* Data provided

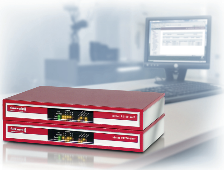
bintec Media Gateways R1200-VoIP und R4100-VoIP

Als Fachhändler für Tobit.Software und zertifizierter »Tobit Premium Partner« ermöglicht das bundesweit agierende Unternehmen das reibungslose Zusammenspiel zentraler Kommunikation mit mobiler Ad-hoc-Arbeit des Einzelnen oder die nahtlose Integration verschiedener Geschäftstellen.
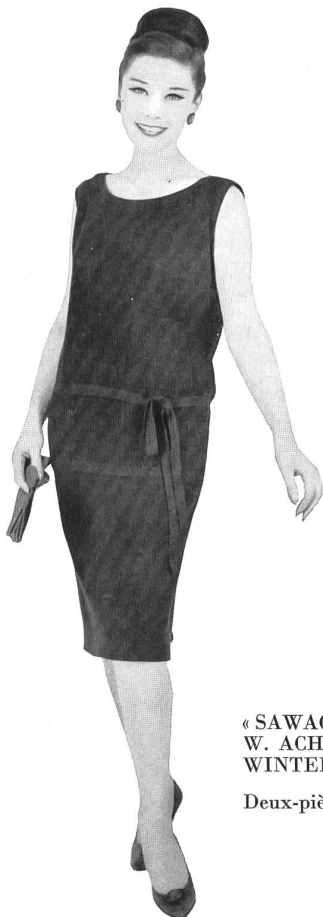
« SAWACO », W. ACHTNICH & CO. S. A., WINTERTHOUR

Deux-pièces très mode en jersey de dralon et Lurex
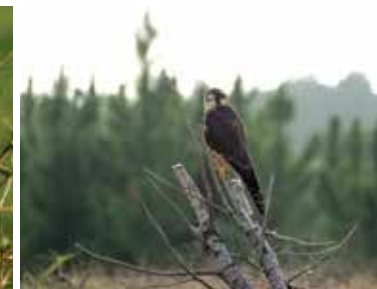
Aves avistadas em campo e florestas de Pinus nas áreas da empresa: Pica-pau-do-campo ( Colaptes campestris ), Tico-tico ( Zonotrichia capensis ), Falcão-de-coleira ( Falco femoralis ).
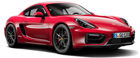
Porsche 911 V = 330 km / h
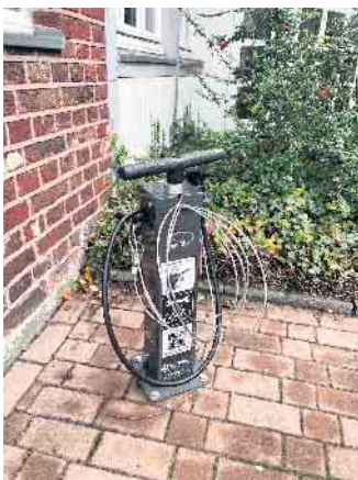
Fahrradreparaturstation Haus Quademchels

Marcel Ponten Rathausstraße 35 47509 Rheurdt Tel: 02845 / 96 33 - 64 marcel.ponten@rheurdt.de
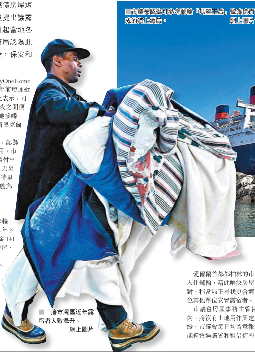
三藩市灣區近年露宿者人數急升。
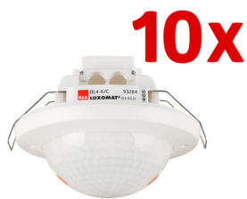
10 x BL4-K-DE Art.No: 93231

Um das Set gemäß der technischen Spezifikation zu erhalten, bestellen Sie bitte die aufgeführten Artikel.
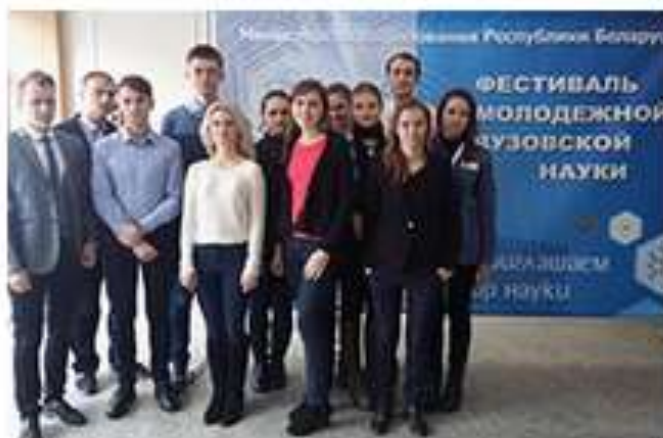
Фестиваль молодежной науки 02.02.2017
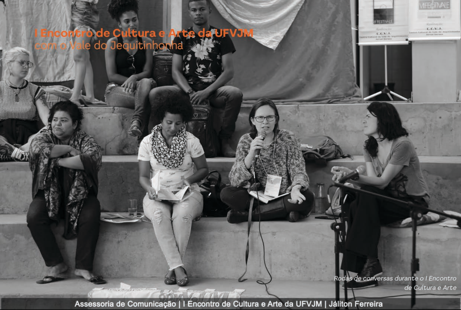
Rodas de conversas durante o I Encontro de Cultura e Arte

Assessoria de Comunicação | I Encontro de Cultura e Arte da UFVJM | Jáliton Ferreira
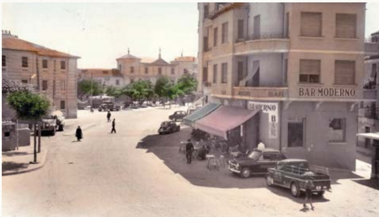
La Plaza de la Virgencilla y los Jardines de Don Diego hacia 1960.

En la plaza de la Virgencilla también se instalará una gasolinera para que pudieran repostar los numerosos vehículos que pasaban por la carretera. Se elige esta ubicación por estar a pie de carretera y muy próxima a los dos establecimientos hoteleros que existían en aquel momento, el Hotel Ibarra y el Hotel Castilla. La gasolinera pertenecía entonces a Campsa (Compañía Arrendataria del Monopolio de Petróleos, Sociedad Anónima), una empresa pública creada en 1927 por la Ley del Monopolio de los Petróleos. En 1930 la empresa da cuenta de los logros obtenidos desde su fundación. Habla de que, para dar un mejor servicio, ha instalado gasolineras en un total de 30 puntos estratégicamente elegidos, entre los que menciona el de Aranda de Duero 32 . En la capital de la Ribera Campsa instaló unas oficinas para dar servicio a la comarca. Como dato curioso señalamos que el segundo premio de la lotería nacional del 2 de enero de 1934 (el actual sorteo del Niño) tocó en Aranda gracias a las participaciones que se repartieron del número 45.522 entre los clientes de la gasolinera de la Virgencilla, así como entre los propios empleados 33 . Alrededor de la gasolinera empezaron a proliferar establecimientos que daban servicio a los automovilistas como talleres
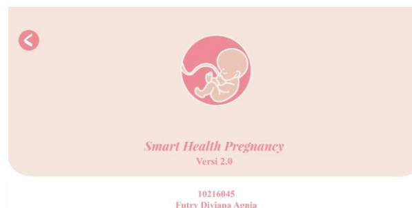
Gambar 3. Tampilan Aplikasi SmHP
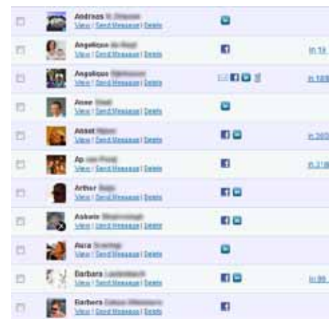
Afbeelding 5: adresboek met contacten en groepen
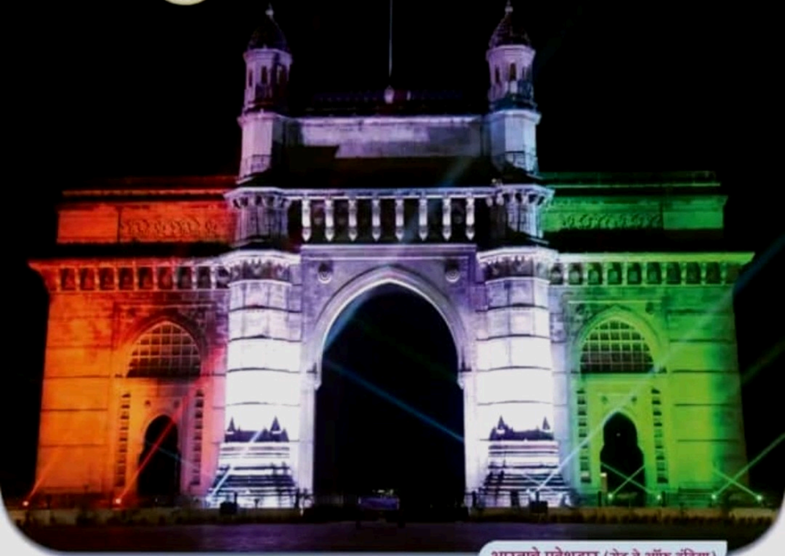
भारताचे प्रवेशद्वार (गेट वे ऑफ इंडिया)
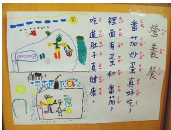
我們班創作的營養歌。

有了健康食物及營養餐的學習經驗，為了製作好吃的營養餐，老師與孩子針對營養餐的內容進行討論，並分配工作。
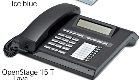
OpenStage 15 T Lava
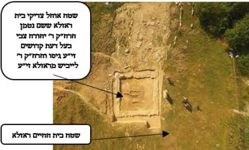
צבי מראזלל ורוב חסידיו זידיטשוב קבלו מרותו עליהם.

אחרי הסתלקות הרה"ק רבי צבי מזידיטשוב זי"א תמוז שנת תקל"א נסעו החסידים לאחיו הרה"ק רבי ישכר בעריש אבל לא ארכו הימים כי עלה השמימה כעשרה ירחים אחרי פטירת אחיו ביום ד' חג השבועות תקל"ב, ואז נסעו החסידים לאחיו הרה"ק רבי משה מסאמבור, בו אייר שנת ת"ר נסתלק הרה"ק רבי משה מסאמבור, עבר ההנהגה לבנו ה"ה רבינו הרה"ק רבי יודא
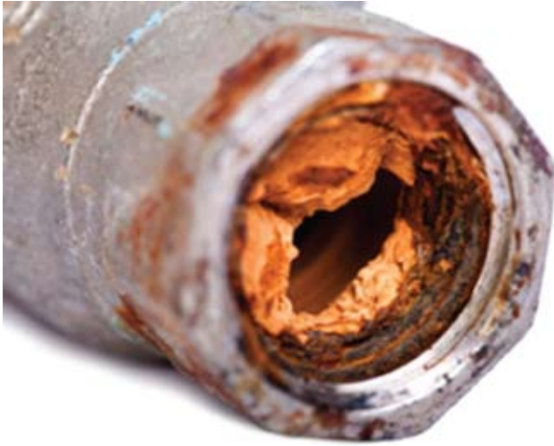
Figure 2 : Tuyau d'eau en acier galvanisé partiellement bouché par des produits de corrosion.
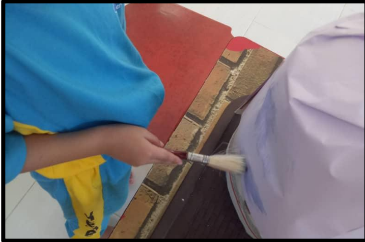
Kanak-kanak mewarna kertas mahjung yang telah siap ditampal seperti warna gunung berapi
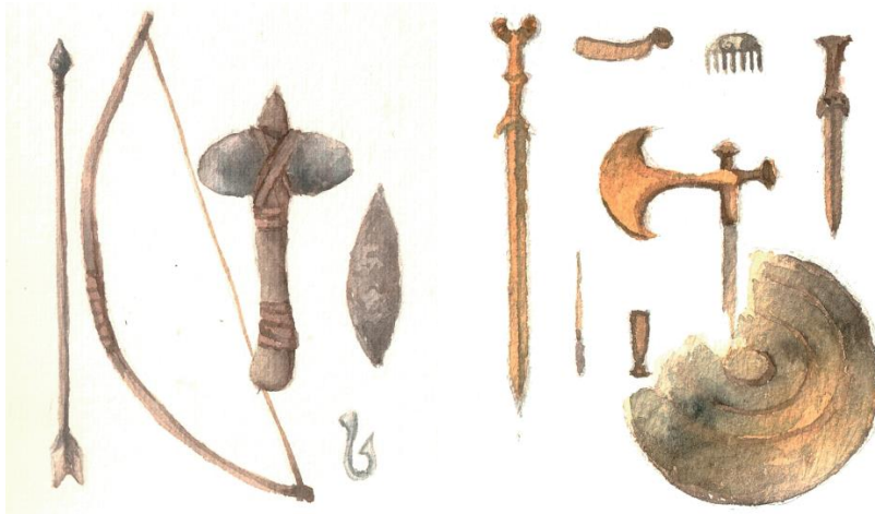
Vapen och föremål som man kan hitta i gravar från stenålder och bronsålder. Illustration: Anna Fransisca Nilsson

Under forntiden, mer specifikt brons - och järnålder användes olika stensättningar vid begravning av den avlidne människan. Stensättningar byggdes traditionellt på platsen där den avlidne människan kremerats, på kvarliggande askan eller benrester. Själva stensättningarna bestod utav sten och kunde variera i form, exempelvis cirkulär, oval och rektangulär form. Det var först under mitten av bronsålder som det blev vanligt med kremering av de avlidna, där en ny stensättning gjordes för varje människa som avled. På platser där det finns flera stensättningar kallas oftast ett gravfält. I dagens läge är det ofta svårt att hitta och se dessa gravplatser eftersom de ligger gömda av torv eller högt gräs. Hittar man däremot en gammal boplats kan man även leta efter stensättningar då de ofta placerats i närheten av själva boplatsen.

* Exercise objective
Your reply should hold only the lines from the one that contains "Kanak-kanak mewarna kertas" through the last line of the records above, exact and complete, and no pictures.

* Result below
Kanak-kanak mewarna kertas mahjung yang telah siap ditampal seperti warna gunung berapi
Vapen och föremål som man kan hitta i gravar från stenålder och bronsålder. Illustration: Anna Fransisca Nilsson

Under forntiden, mer specifikt brons - och järnålder användes olika stensättningar vid begravning av den avlidne människan. Stensättningar byggdes traditionellt på platsen där den avlidne människan kremerats, på kvarliggande askan eller benrester. Själva stensättningarna bestod utav sten och kunde variera i form, exempelvis cirkulär, oval och rektangulär form. Det var först under mitten av bronsålder som det blev vanligt med kremering av de avlidna, där en ny stensättning gjordes för varje människa som avled. På platser där det finns flera stensättningar kallas oftast ett gravfält. I dagens läge är det ofta svårt att hitta och se dessa gravplatser eftersom de ligger gömda av torv eller högt gräs. Hittar man däremot en gammal boplats kan man även leta efter stensättningar då de ofta placerats i närheten av själva boplatsen.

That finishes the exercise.